◆ WHAT THE TASK REQUIRES:
Everything from the line containing "Blue Tiffany-Style Giclee" through the last line of the data below is to be retyped exactly, apart from the pictures.

◆ AVAILABLE DATA:
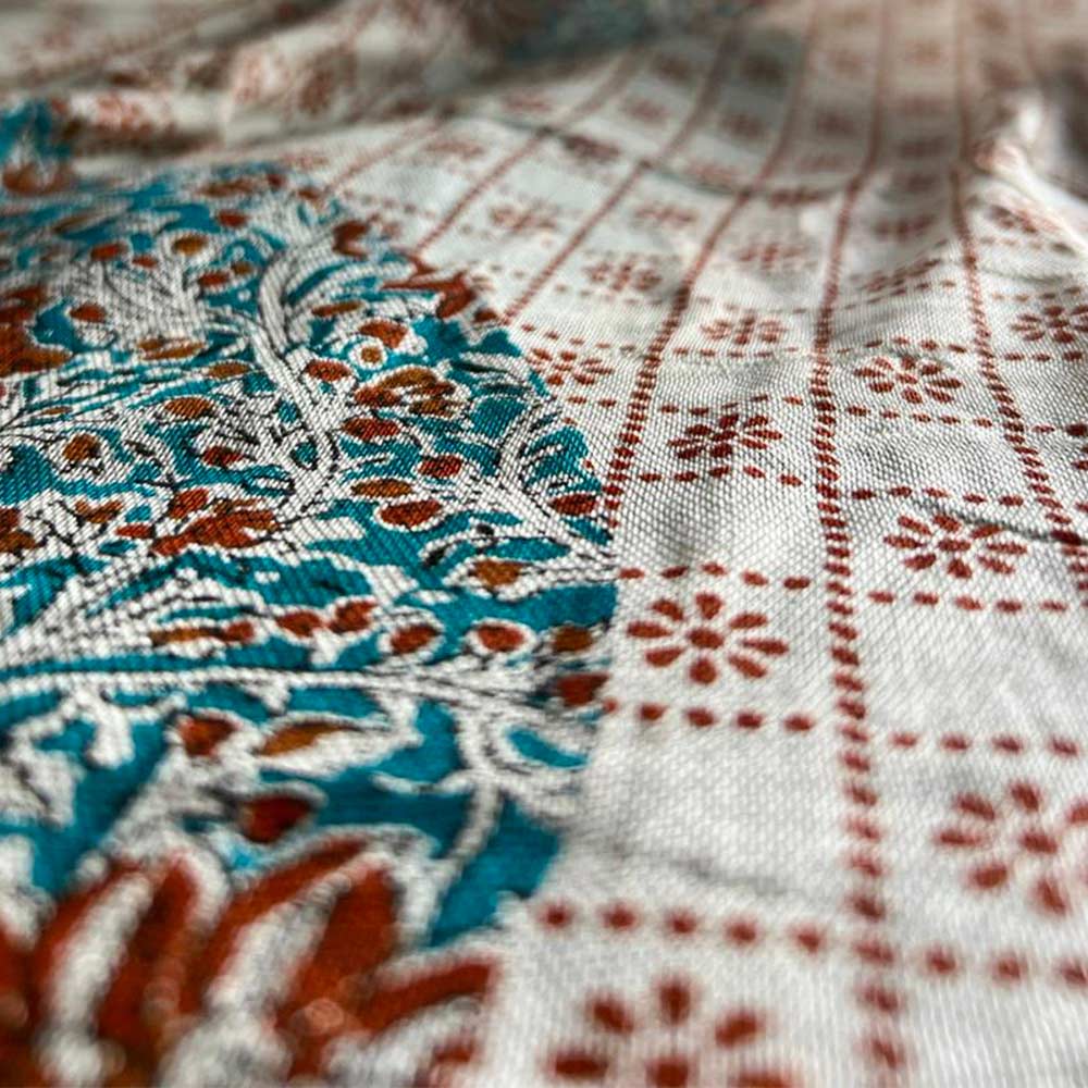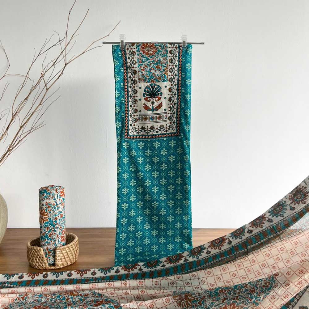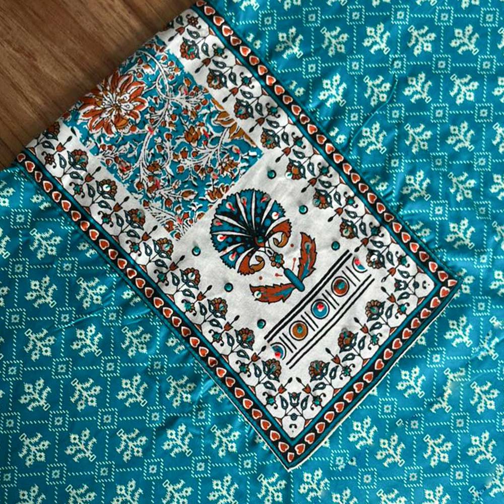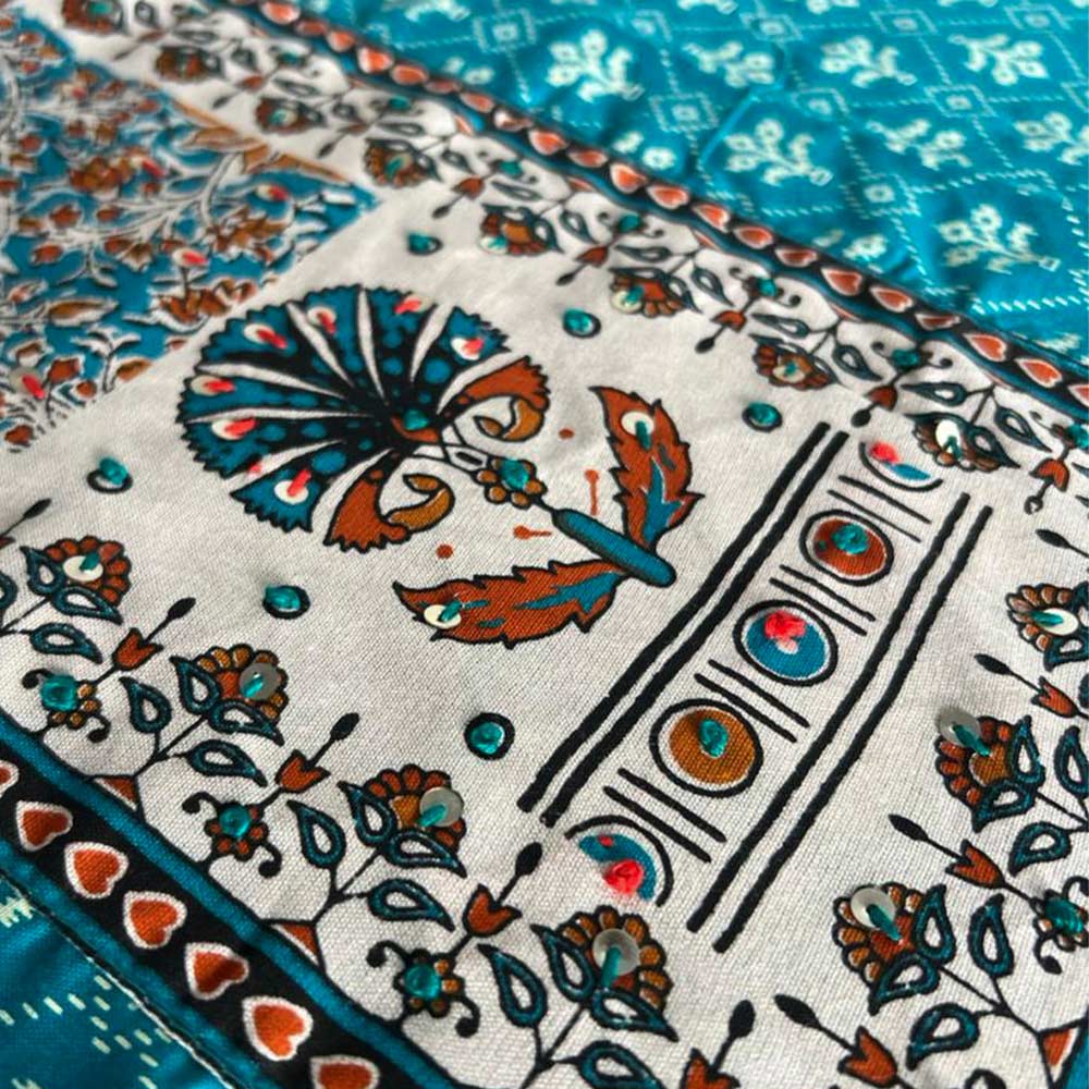A sea blue block print unstitched 3-piece set with a printed top featuring detailed patterns. Comes with a soft printed dupatta and a matching pant piece to complete the set. A comfortable option for everyday wear, office days, or casual outings.
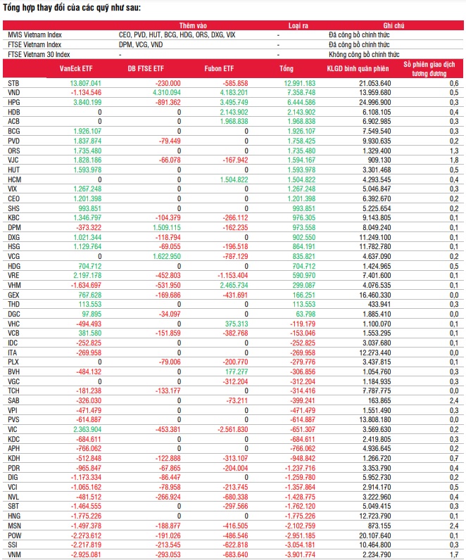 • FTSE Vietnam Index: Thêm DPM, VCG, VND và không loại cổ phiếu nào. Quỹ FTSE Vietnam Swap UCITS ETF ước tính sẽ mua khoảng 4.3 triệu VND, 1.5 triệu DPM và 1.6 triệu VCG trong khi hầu hết các cổ phiếu hiện có sẽ bị giảm tỷ trọng.
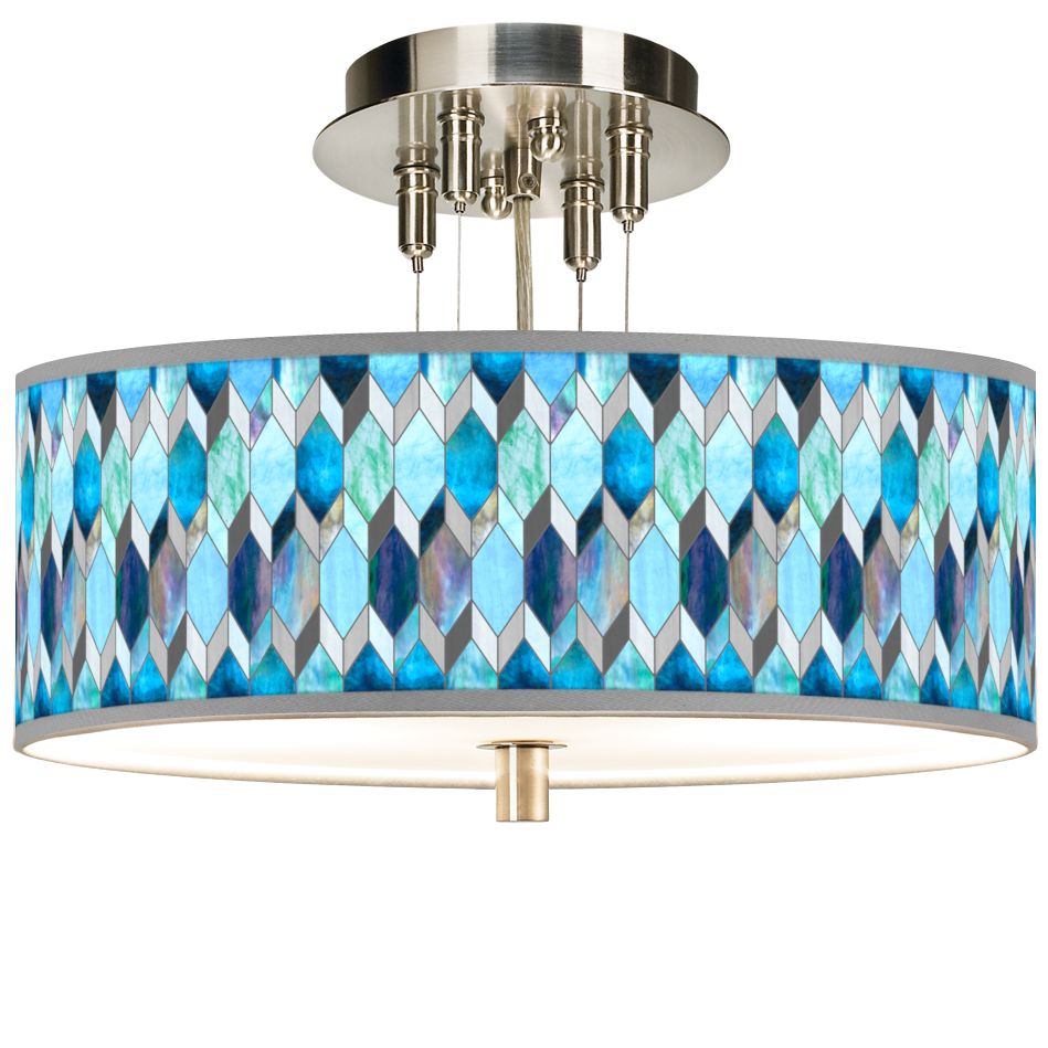 Blue Tiffany-Style Giclee 14" Wide Ceiling Light
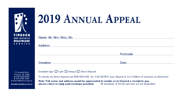 Patients, residents, staff and other carers will all benefit from the proceeds of Timboon and District Healthcare Service’s 2019 Annual Appeal.

◆ ANSWER TO THE EXERCISE:
 Blue Tiffany-Style Giclee 14" Wide Ceiling Light
 Patients, residents, staff and other carers will all benefit from the proceeds of Timboon and District Healthcare Service’s 2019 Annual Appeal.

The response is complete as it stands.